Mercredi, la direction des chemins de fer israéliens a annoncé qu’elle fermerait Jérusalem, Tel Aviv et Beersheba ainsi que, samedi soir, les lignes ferroviaires de Tel Aviv pour assurer des travaux de réparation sur les lignes malgré le fait d’avoir été au courant de la manifestation de masse depuis des semaines. Il aura fallu une décision de la Haute Cour vendredi pour obliger le ministère des Transports à faire circuler davantage de trains tout comme des services d’autobus de remplacement afin de permettre aux gens d’aller participer aux protestations à Tel Aviv.

A Jérusalem, la police est en train d’adopter une approche de plus en plus autoritaire. Mardi, la police a inculpé deux personnes parmi les premières venues dresser leur tente dans la ville en guise de protestation contre les prix élevés du logement. Elles ont été accusées de tentative de pénétrer par effraction dans l’enceinte du Parlement israélien, la Knesset, après le défilé et d’avoir brûlé des pneus sur l’autoroute Tel Aviv-Jérusalem dans le but de perturber le trafic. Vendredi, en prétendant qu’ils gênaient la circulation, la police a arrêté deux manifestants lors d’une petite manifestation devant la résidence officielle du premier ministre à Jérusalem.

Le principal danger auquel sont confrontées les protestations c’est le manque d’une direction politique indépendante. Les rassemblements de masse de ce weekend ont été qualifiés de« pic » du mouvement sans que rien de plus ne soit planifié. De nombreux campements se vident tandis que les étudiants et les travailleurs retournent à leurs études ou au travail à la fin des vacances.

Il y a trois semaines, les organisateurs avaient décidé de concentrer les protestations sur des villes israéliennes plus petites, un recul face aux forces sociales massives libérées par les protestations. Ceci reflétait leur préoccupation grandissante face à la confrontation qui est en train de se développer contre le gouvernement.

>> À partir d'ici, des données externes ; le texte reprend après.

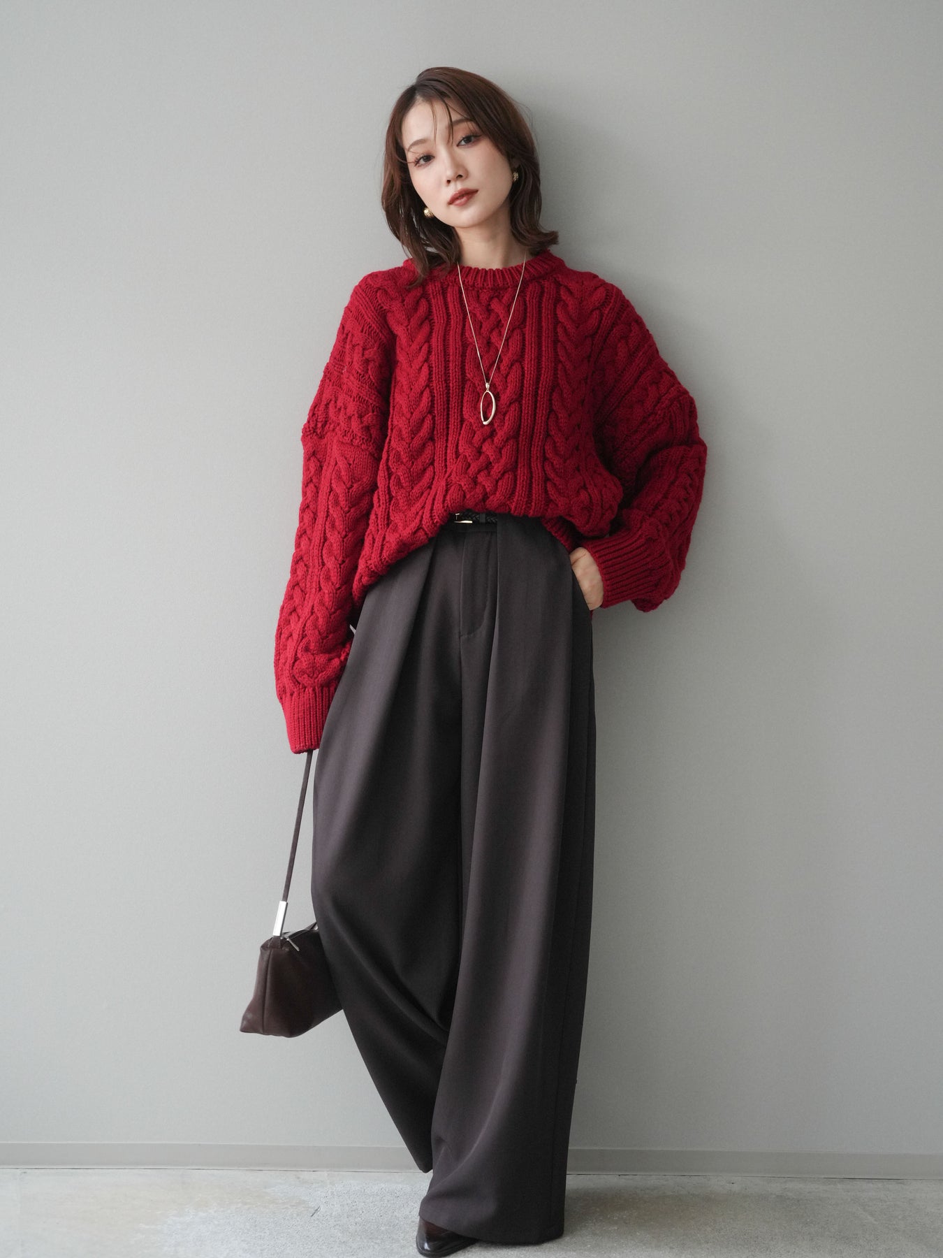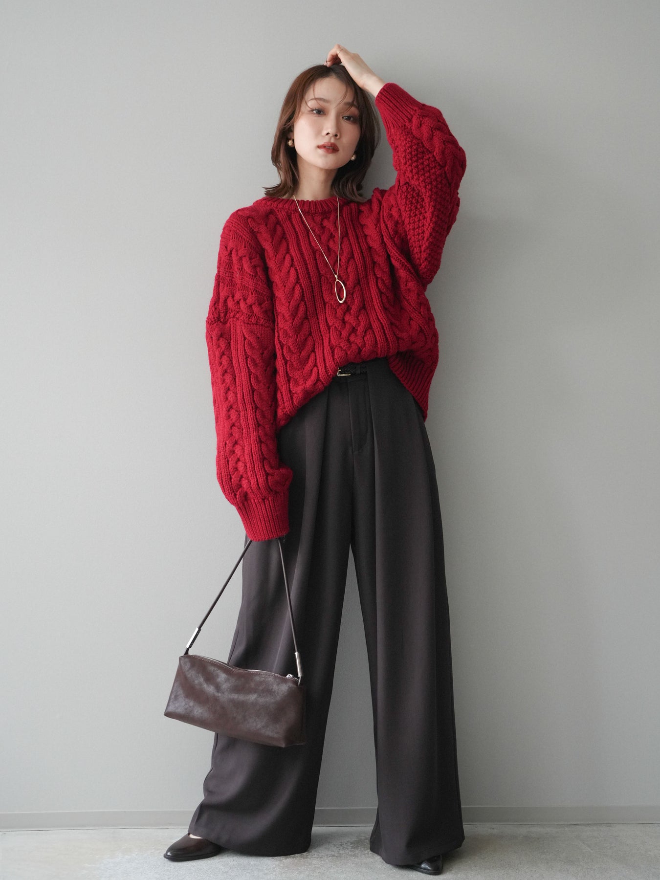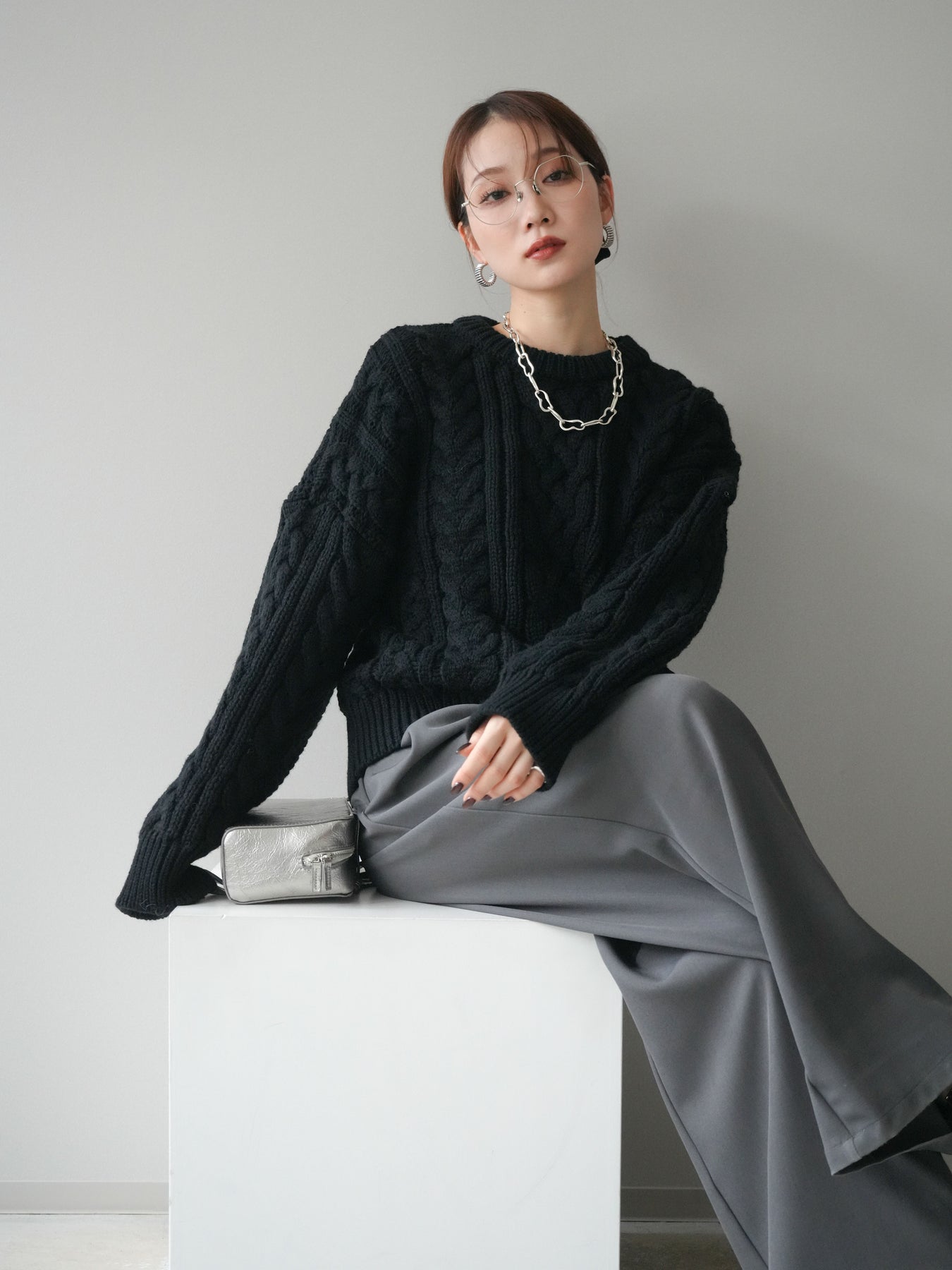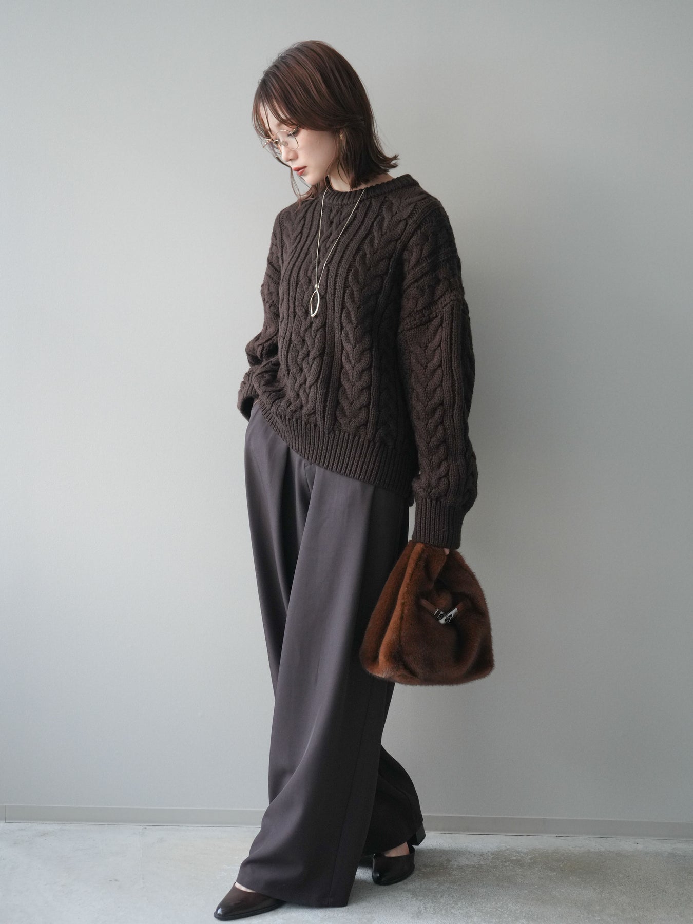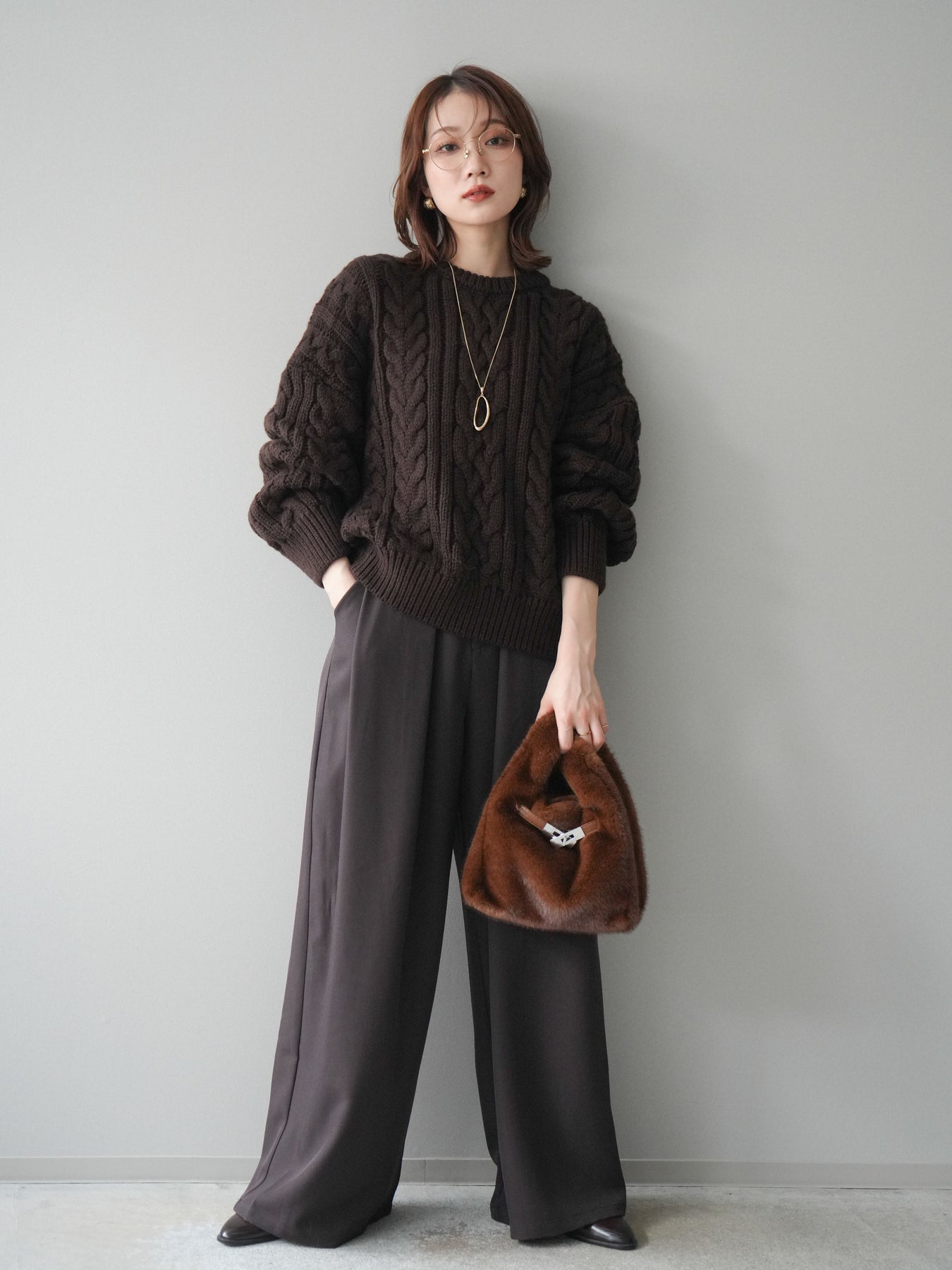ざっくりとした編地が目を惹くケーブルニットプルオーバー。 立体感のある編み柄とゆったりとしたシルエットが、抜け感のあるリラックスムードを演出します。 程よいボリューム感でありながらも着丈をコンパクトに仕上げており、ボトムとのバランスが取りやすいデザイン。 デニムやワイドパンツ、スカートなど、どんなアイテムとも相性抜群で、スタイリングを華やかに引き立てます。 シーズンライクな温もりを感じる、主役級のニットトップスです。

Itzik Shmuli, l’un des dirigeants des protestations et le secrétaire général de l’Union des Etudiants israéliens, a signalé sa volonté de négocier un accord avec le gouvernement Netanyahu, ce qui étranglerait les manifestations. Un comité, mis en place par Netanyahu, va proposer quelques réformes cosmétiques dans les limites du budget global même si le gouvernement est déterminé à ne pas faire de réelles concessions aux travailleurs. Le ministre de la Défense, Ehud Barak, a rejeté tout appel à une réduction du budget de la Défense.

Les organisateurs des protestations ont rejeté tout lien entre les attaques contre le niveau de vie et la politique anti-arabe du gouvernement, cherchant ainsi à éviter un mouvement unifié avec les Palestiniens. Ils insistent pour tenter de faire que le mouvement de protestations reste « non politique », en limitant leurs revendications à des appels à « la justice sociale » et à un « Etat providence. »

En fait, les organisateurs ont une perspective politique définie, celle d’empêcher que les manifestations ne posent un défi au gouvernement Netanyahu, en les canalisant derrière le parti Kadima et l’opposition officielle. Ils sont opposés à une lutte pour le renversement du gouvernementale de coalition de Netanyahu, le plus droitier de l’histoire d’Israël.

Daphne Liff, l’une des organisatrices des protestations, a dit lors d’une interview accordée à Ha’aretz, « Lors du premier rassemblement déjà j’avais dit, ‘Réglez les problèmes, tant que c’est encore possible. Si vous ne les réglez pas, vous devriez être viré.’ Je pense encore qu’il est en mesure de régler les problèmes. Mais, pour cela il a besoin de faire un virage à 180 degrés. Il a une idéologie capitaliste qui donne d’abord de l’argent aux riches avec ensuite quelques retombées pour les pauvres. Ce n’est pas le langage de cette protestation. »

De tels points de vue représentent une impasse politique pour les manifestants et l’ensemble de la classe ouvrière israélienne. Leurs revendications ne peuvent être satisfaites que par le renversement du gouvernement Netanyahu et la lutte pour un gouvernement ouvrier fondé sur une politique socialiste.